Caro Giannini, tutto ciò non le ricorda forse il caso-Autostrade, altro esempio di privatizzazione sghemba? Anche lì sussiste un problema di concessione governativa, giusto?
“Ad ogni passaggio cruciale della sua lunghissima epopea industriale, Gianni Agnelli ha sempre avvertito l’esigenza di informare il governo di turno, prima di annunciare pubblicamente le più importanti svolte del gruppo Fiat, dall’ingresso dei libici all’ultimo intervento delle banche. Tronchetti, che dell’Avvocato è stato giustamente considerato l’erede naturale, in questa occasione non ha mostrato la stessa sensibilità.”
Paragone infelice, caro Giannini. Forse l’Avvocato era così premuroso ad informare il governo di turno perché bisognoso dei sussidi e degli aiuti pubblici, senza i quali la vivacità imprenditoriale e finanziaria di Corso Marconi e (soprattutto) via Filodrammatici non avrebbe potuto dispiegarsi appieno. O forse lei ha nostalgia di quell’epoca?

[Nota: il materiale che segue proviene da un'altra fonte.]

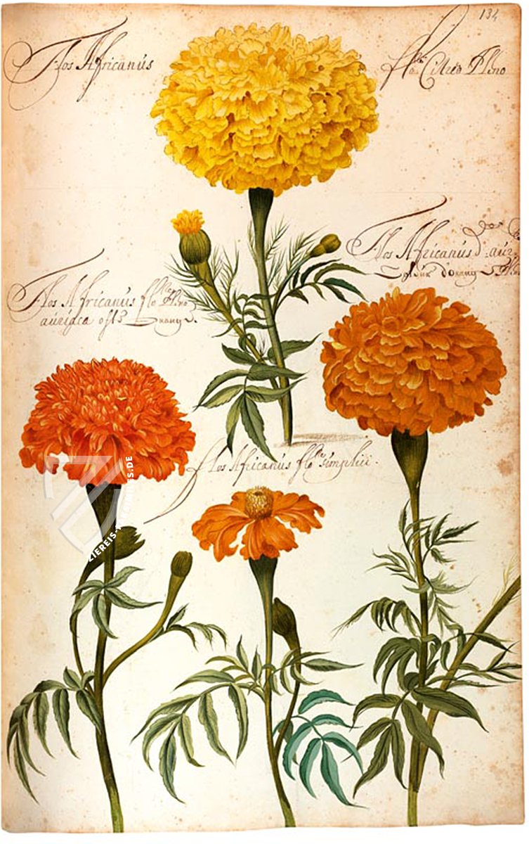 Biologisch als Tagetes erecta klassifiziert, stammt die Aufrechte Studentenblume aus Mexiko, wird aber oft fĂ€lschlicherweise Afrika zugewiesen; so auch in diesem ansonsten makellosen Barockaquarell von Franciscus de Geest, das sowohl die gelbe als auch die orangene Sorte abbildet. Unten ist die BlĂŒte dargestellt, wobei die meisten BlĂŒtenblĂ€tter entfernt wurden, so dass das Staubblatt sichtbar wird.

“Non può essere considerato in salute un gruppo che per la terza volta in cinque anni cambia radicalmente strategia, scorporando telefonia fissa e mobile dopo averla accorpata sulla promessa dell’enorme cash flow generato dai cellulari. Non può essere considerato in salute un gruppo che, a dispetto dell’andamento dei concorrenti esteri, denuncia utili semestrali in calo del 15,7% e soprattutto ha sulle spalle un debito colossale, pari a 41,3 miliardi di euro, che secondo alcuni analisti finanziari potrebbero essere anche molti di più. Non può essere considerato in salute un gruppo che, dopo un’infelice privatizzazione che ha visto avvicendarsi prima la famiglia Agnelli con pochi spiccioli e poi Roberto Colaninno travolto con la cordata dei “capitani coraggiosi”, oggi si regge ancora sul fragile equilibrio di una poderosa “leva finanziaria”, che consente a Tronchetti di controllare l’intera Telecom possedendo poco meno dell’1% del suo capitale.”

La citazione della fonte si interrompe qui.